La cour note que les pièces dont l’appelante fait état ne sont pas produites.
Le bordereau de pièces indique qu’il contient le justificatif de son mariage puis de son divorce intervenu en septembre 2022 (convention de divorce) et de la naissance de deux enfants. Ces pièces ne peuvent valoir justification de ses revenus.
L’attestation CAF visée dans le bordereau en date du 21 novembre 2022, soit datant de presque un an après le commandement, est inopérante en tout état de cause à justifier l’empêchement de Mme [Z] [E] de régler les loyers réclamés en décembre 2021.
Si ce bordereau de pièces fait enfin état d’une attestation de la CAF de non versement de prestations sociales de mars 2021, la cour note que les décomptes produits par le bailleur mentionnent pour leur part effectivement un dernier versement de l’APL en février 2021 de 398,28 euros, mais révèlent aussi un versement de 346,34 euros en décembre 2021 à titre de rappel APL. Ces décomptes mettent également en évidence des réglements mensuels par le locataire de 200 euros, et pour la dernière fois le 31 juillet 2021, outre un règlement de la locataire de 280 euros le 5 janvier 2022.
A défaut de tout justificatif des revenus déclarés par Mme [Z] [E], cette dernière échoue à rapporter la preuve de ce qu’elle était sans revenus, ce que contredit l’existence de versements.
Mme [Z] [E] ne caractérise donc pas s’être retrouvée dans sa situation de force majeure, l’empêchant d’exécuter son obligation de payer le loyer.
La cour confirme le jugement qui constate la résiliation du bail par le jeu de la clause résolutoire au 8 février 2022.
— sur les délais
Mme [Z] [E] ne critique pas le jugement qui la condamne à une indemnité d’occupation, à l’arriéré locatif et dit qu’aucun autre délai de paiement ne peut lui être octroyé.
Elle sollicite de la cour qu’elle lui accorde un délai jusqu’au 10 juillet 2023 pour quitter les lieux, invoquant sa situation de mère de deux enfants.
L’établissement Neotoa s’oppose à tout délai pour quitter les lieux.
Si l’article L 412-3 du code des procédures civiles d’exécution prévoit que le juge peut accorder des délais renouvelables aux occupants de lieux habités ou de locaux à usage professionnel, dont l’expulsion a été ordonnée judiciairement, chaque fois que le relogement des intéressés ne peut avoir lieu dans des conditions normales, il est constaté en l’espèce que Mme [Z] [E] n’argumente sa demande qu’au regard de l’existence de deux enfants à charge, ce qui n’est pas contesté.

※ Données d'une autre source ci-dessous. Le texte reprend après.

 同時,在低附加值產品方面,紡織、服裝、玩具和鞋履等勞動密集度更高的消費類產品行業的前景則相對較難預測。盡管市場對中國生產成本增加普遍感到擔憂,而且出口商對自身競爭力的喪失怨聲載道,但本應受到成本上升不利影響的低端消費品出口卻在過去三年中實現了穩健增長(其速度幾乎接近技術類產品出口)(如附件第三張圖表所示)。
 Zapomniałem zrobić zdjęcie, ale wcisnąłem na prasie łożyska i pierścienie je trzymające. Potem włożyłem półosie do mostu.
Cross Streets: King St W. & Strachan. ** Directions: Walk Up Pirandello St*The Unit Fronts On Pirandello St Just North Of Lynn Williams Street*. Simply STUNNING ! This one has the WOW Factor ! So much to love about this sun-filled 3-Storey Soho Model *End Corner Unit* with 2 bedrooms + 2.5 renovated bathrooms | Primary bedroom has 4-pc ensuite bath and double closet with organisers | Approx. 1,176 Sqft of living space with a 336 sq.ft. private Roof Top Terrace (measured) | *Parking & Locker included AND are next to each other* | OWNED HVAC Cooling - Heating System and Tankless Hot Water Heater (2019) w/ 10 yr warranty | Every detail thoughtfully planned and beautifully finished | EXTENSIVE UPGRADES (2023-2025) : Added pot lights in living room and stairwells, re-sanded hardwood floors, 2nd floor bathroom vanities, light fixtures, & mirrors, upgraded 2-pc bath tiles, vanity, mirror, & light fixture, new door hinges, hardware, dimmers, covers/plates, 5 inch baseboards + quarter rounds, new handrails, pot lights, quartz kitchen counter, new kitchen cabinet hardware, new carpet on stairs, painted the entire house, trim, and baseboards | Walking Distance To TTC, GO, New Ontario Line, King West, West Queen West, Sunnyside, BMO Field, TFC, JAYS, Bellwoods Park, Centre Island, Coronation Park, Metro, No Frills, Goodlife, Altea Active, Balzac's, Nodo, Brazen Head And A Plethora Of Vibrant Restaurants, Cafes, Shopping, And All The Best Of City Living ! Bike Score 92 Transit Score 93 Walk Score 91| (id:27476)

Elle n’a conclu à l’octroi d’un délai qu’en février 2023 pour solliciter un délai jusqu’au mois de juillet 2023 et n’a pas reconclu ni explicité sa demande.
La cour considère qu’elle ne démontre par aucun élément que son relogement ne peut avoir lieu dans des conditions normales et sa demande est rejetée.

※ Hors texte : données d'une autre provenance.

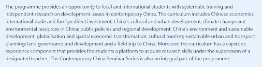 中国发展研究文学硕士课程强调通过全球和地方经济、贸易、投资、环境、政策制定、旅游和城市发展方面的区域差异全面了解中国。

— sur les frais irrépétibles et les dépens
La cour fera application des dispositions de l’article 700 du code de procédure civile au profit de l’intimée. Mme [Z] [E], qui succombe en son appel supportera les dépens et est condamnée à payer à l’établissement Neotoa une somme de 800 euros au titre de ses frais irrépétibles.
Les dispositions du jugement relatives aux frais irrépétibles et aux dépens sont confirmées.
PAR CES MOTIFS
La cour, statuant publiquement, contradictoirement et par mise à disposition au greffe :
Confirme le jugement déféré en toutes ses dispositions ;
Y ajoutant,
Déboute Mme [K] [Z] [E] de ses demandes ;
Condamne Mme [K] [Z] [E] à payer à l’établissement Neotoa la somme de 800 euros sur le fondement de l’article 700 du code de procédure civile ;
Condamne Mme [K] [Z] [E] aux dépens d’appel.